The data:
Start of Block
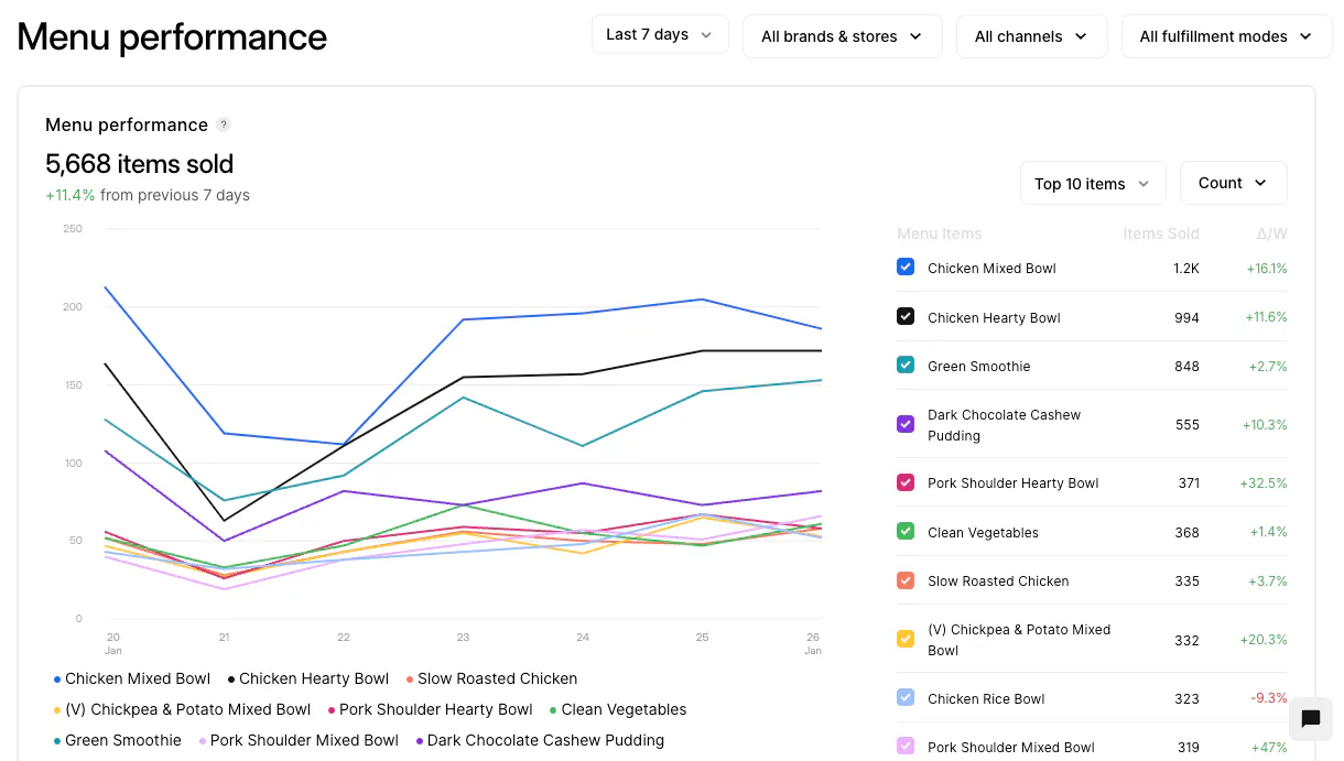 The Menu Performance tab gives you a thorough overview of your menus performance, customer-sourced item ratings, menu modifiers (like different sizes or add-ons), and popular item combinations. With the blocks in this tab, you can learn what your best-selling items are, whats driving the most profit, and whats helping you succeed!
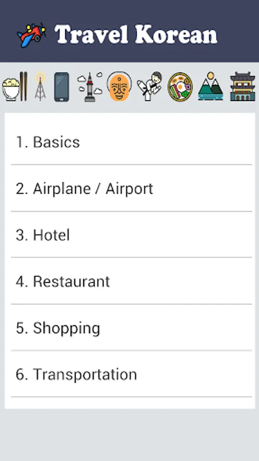 Travel Korean covers a wide range of topics, such as basic expressions, airplane/airports, hotels, restaurants,
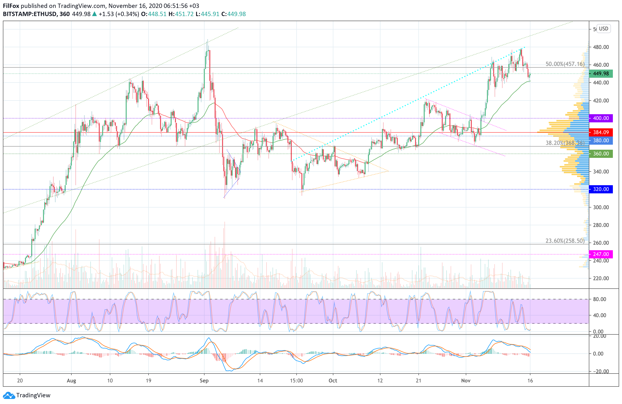 В субботу цена Ethereum откатилась к уровню 50% фибо (457.16 USD) и до воскресенья удерживалась в узкой консолидации над ним. Вчера продавцы смогли пробить поддержку пятидесятипроцентного уровня фибоначчи, и снижение продолжилось в район шестичасовой EMA55 (440.00 USD).
End of Block
An exact copy of the lines above, from the first through the line that holds "Travel Korean covers", is what is needed; leave the pictures out.

 The Menu Performance tab gives you a thorough overview of your menus performance, customer-sourced item ratings, menu modifiers (like different sizes or add-ons), and popular item combinations. With the blocks in this tab, you can learn what your best-selling items are, whats driving the most profit, and whats helping you succeed!
 Travel Korean covers a wide range of topics, such as basic expressions, airplane/airports, hotels, restaurants,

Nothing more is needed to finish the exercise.